Changed on 01/30/17 at 01:37:09 by Michael Davidsaver
Ran rtems-tftp-test against aecb508673df0d047e055f452e3f2d9db17328c0
comment:20 Changed on 01/30/17 at 01:41:17 by Michael Davidsaver
atm I only have the 4.9 and 4.10 toolchains built. Running my rtems-tftp-test against aecb508673df0d047e055f452e3f2d9db17328c0 appears to succeed. So this issue is fixed at least on the 4.10 branch.
comment:21 Changed on 01/30/17 at 06:35:21 by Sebastian Huber
Ok, thanks for testing. In order to properly fix this issue we should:
- Add a TFTP sever to RTEMS
- Write a self-contained TFTP client/server tests similar to https://git.rtems.org/rtems/tree/testsuites/libtests/ftp01/init.c
- Fix this bug in 4.11 and master if necessary.
comment:22 Changed on 02/11/17 at 11:40:51 by Tanu Hari Dixit
I was trying to test this in master and faced a problem. In https://github.com/mdavidsaver/rtems-tftp-test/blob/master/init.c why isn't libio.h included when macros RTEMS_FILESYSTEM_TYPE_TFTPFS, RTEMS_FILESYSTEM_READ_WRITE are used here? Also when I run make, the compiler shows error:
o-optimize/netconfig.o:(.data.loopback_config+0x4): undefined reference to `rtems_bsdnet_loopattach' collect2: error: ld returned 1 exit status make: *** [o-optimize/tftp-test.exe] Error 1
I couldn't find rtems_bsdnet_loopattach been defined in any header file. If this a typical driver attach function, why isn't rtems_bsdnet_ifconfig passed in the function signature? What am I missing?

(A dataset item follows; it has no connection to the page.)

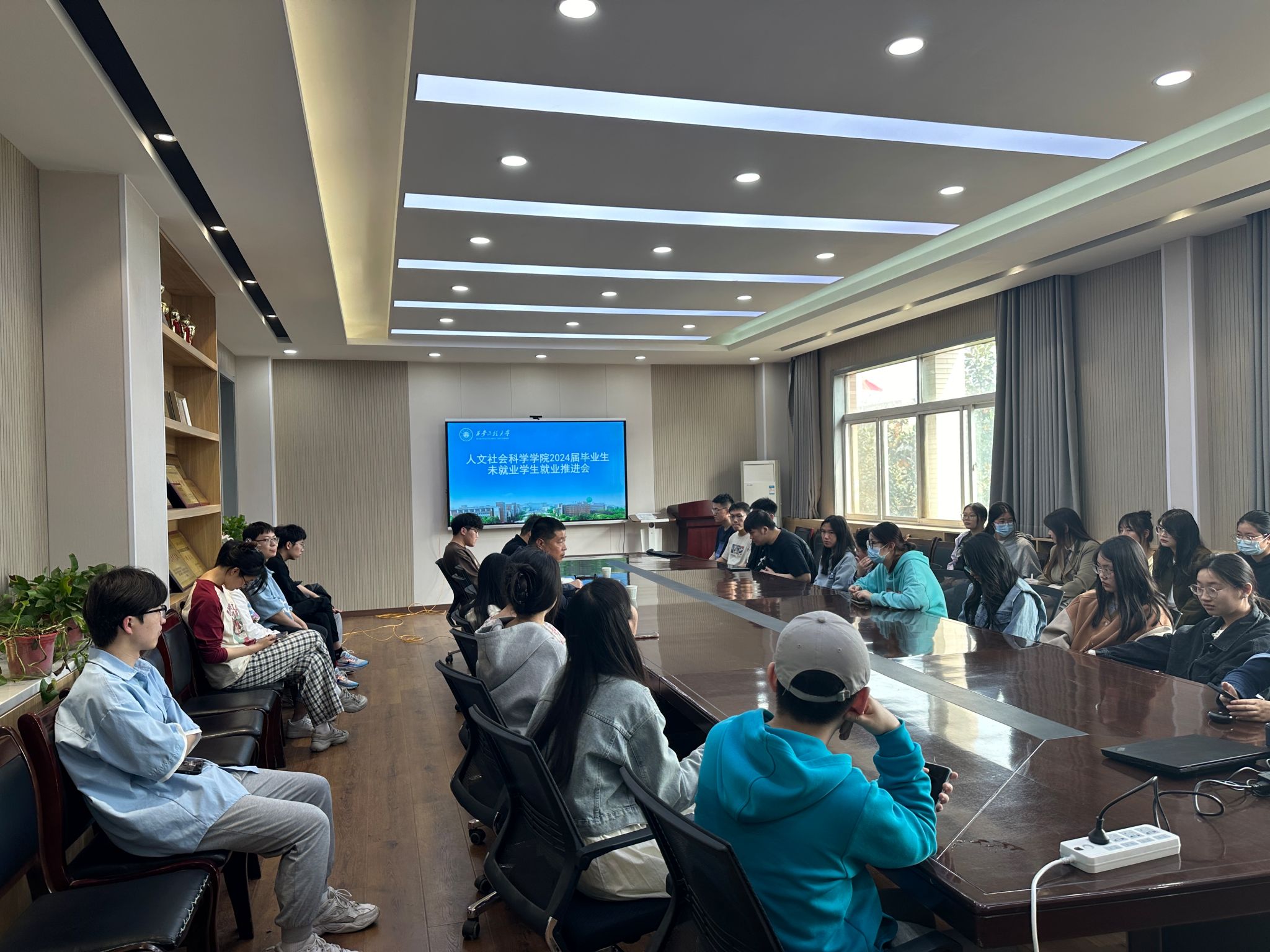 4月8日下午,人文社会科学学院在人文楼326会议室召开2024届未就业学生就业推进座谈会。学校招生就业工作处副处长(主持工作)付刚、学院党委副书记赵立涛、辅导员王德利以及40余名未就业学生参加会议。会议由赵立涛主持。

comment:23 Changed on 02/13/17 at 06:51:52 by Sebastian Huber
This rtems_bsdnet_loopattach() was a hack and is no longer needed in RTEMS 4.11.
comment:24 Changed on 01/25/18 at 05:38:33 by Chris Johns
I believe this ticket has been fixed and can be closed?
Looking through the VCS history I think this issue was fixed in 2012 as
a consequence of 3b7c123c8d910eb60ab3b38dec6224e2de9847c9. I haven't confirmed this since EPICS doesn't build
against the VCS master branch.
I have confirmed that it isn't fixed on the 4.10 branch.